Humboldt-Universität zu Berlin | Institut für Geschichtswissenschaften | Ankündigungen | Ringvorlesungen | Ringvorlesung "Grenzen des Kalten Krieges" - WiSe 2016/2017 | Einzeltermine | 15.12.16 Eckart Conze (Marburg): Grenzüberschreitungen. Nationalsozialismus und Holocaust als Argumente in der Nachrüstungsdebatte der 1980er Jahre

15.12.16 Eckart Conze (Marburg): Grenzüberschreitungen. Nationalsozialismus und Holocaust als Argumente in der Nachrüstungsdebatte der 1980er Jahre

Wann 15.12.2016 von 18:00 bis 20:00 (Europe/Berlin / UTC100) iCal
Wo Hauptgebäude, Unter den Linden 6, HS 1072
Kontaktname
Kontakt Telefon 030 2093 70595

Vor einem “atomaren Auschwitz“ warnten in den Jahren um 1980 zahlreiche Gegner nuklearer Rüstung. Heiner Geißler, Minister in der Regierung Kohl und CDU-Generalsekretär, behauptete 1983 hingegen, der Pazifismus der 1930er Jahre habe Auschwitz erst möglich gemacht. Überall in den Auseinandersetzungen über den NATO-Nachrüstungsbeschluss von 1979 und die Dynamik des atomaren Wettrüstens begegnet uns der Nationalsozialismus als Argument, der Holocaust als Metapher und als Vergleich.
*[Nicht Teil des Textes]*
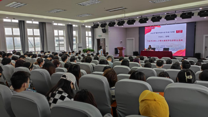 胡老师从习近平总书记的人才观、大学生职业选择的影响因素、大学生如何选择职业三部分内容分享本次讲座。胡老师首先抛问“大家是否都有明确的职业目标”来引入话题。她强调,成为创新型、复合型、应用型人才,服务经济社会发展应是大学生不断努力的目标,在大学生选择职业时,行业趋势、人群情况、地域优势等都是不可忽视的因素。当代大学生的求职之路应从认识自己开始,择己所爱,了解自己;择己所能,发现自己;择世所需,提升自己。最后,胡老师用习近平总书记寄语与同学们共勉,“广大青年要肩负历史使命,坚定前进信念,立大志,明大德,成大才,担大任,努力成为堪当民族复兴重任的时代新人,让青春在为祖国,为民族,为人民,为人类的不懈奋斗中绽放绚丽之花。”置身于人才辈出的时代浪潮中,将职业生涯与国家需要结合起来,才会更加熠熠生辉。
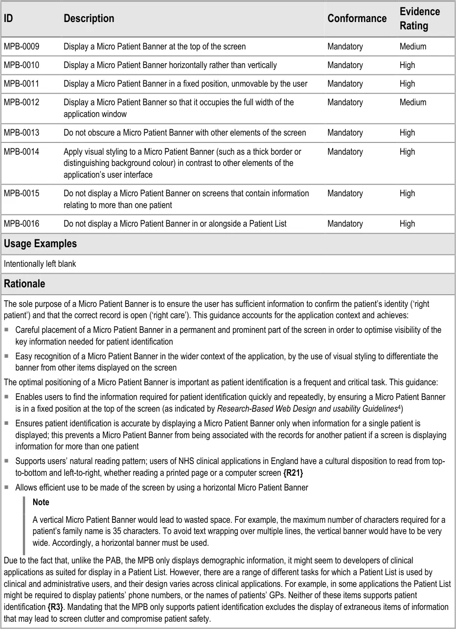This document provides guidance for the design of a Micro Patient Banner (MPB). It describes the area of focus, lists mandatory and recommended guidance points with usage examples and explains the rationale behind the guidance.
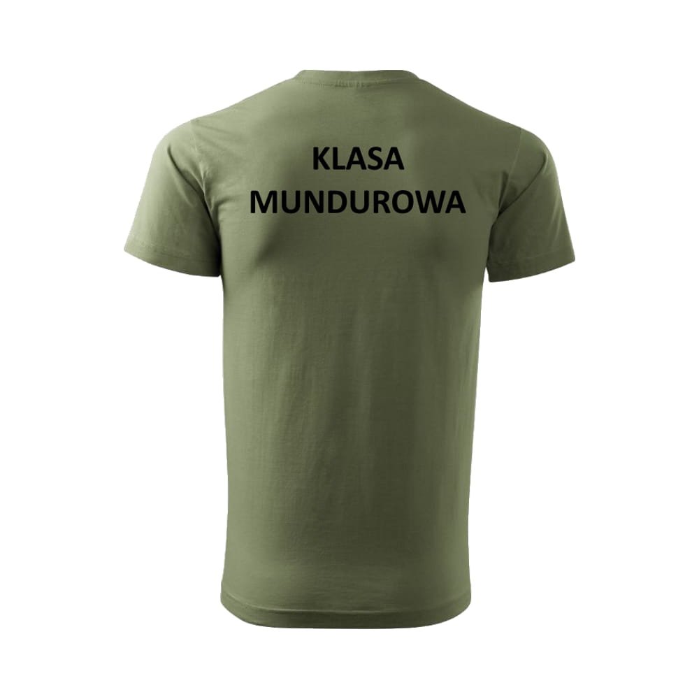 Koszulka T-shirt Klasa Mundurowa – bawełniana koszulka z nadrukiem, gramatura 190 g/m². Wysoka jakość, trwałość i wygoda do szkoły oraz odzieży polowej.

Obwohl NS-Bezüge schon seit 1945 zur politischen Sprache und Kommunikation in Deutschland gehörten, erreichte deren Verwendung seit etwa 1980 eine neue Dimension, die durch Grenzüberschreitungen und Tabubrüche charakterisiert war. Wie lässt sich diese Entgrenzung erklären? Können wir den Wandel der öffentlichen Erinnerung mit der massiven politischen Instrumentalisierung der Geschichte des Nationalsozialismus und insbesondere des Holocaust, gerade auch in der Nachrüstungsdebatte, korrelieren? Und welche Funktion hatten die NS-Bezüge in der politischen und gesellschaftlichen Auseinandersetzung über atomare Rüstung, die Friedensbewegung und den Kalten Krieg der 1980er Jahre?

 

 

Eckart Conze ist Professor für Neuere und Neueste Geschichte an der Universität Marburg und dort Ko-Sprecher des Sonderforschungsbereichs “Dynamiken der Sicherheit“ sowie Direktor des Internationalen Forschungs- und Dokumentationszentrums Kriegsverbrecherprozesse (ICWC). Von 2005 bis 2010 war er Sprecher der Unabhängigen Historikerkommission zur Geschichte des Auswärtigen Amts in der Zeit des Nationalsozialismus und der frühen Bundesrepublik.

 

Moderiert wird der Vortrag von Prof. Dr. Elke Seefried, zweite stellvertretende Direktorin des Instituts für Zeitgeschichte München – Berlin.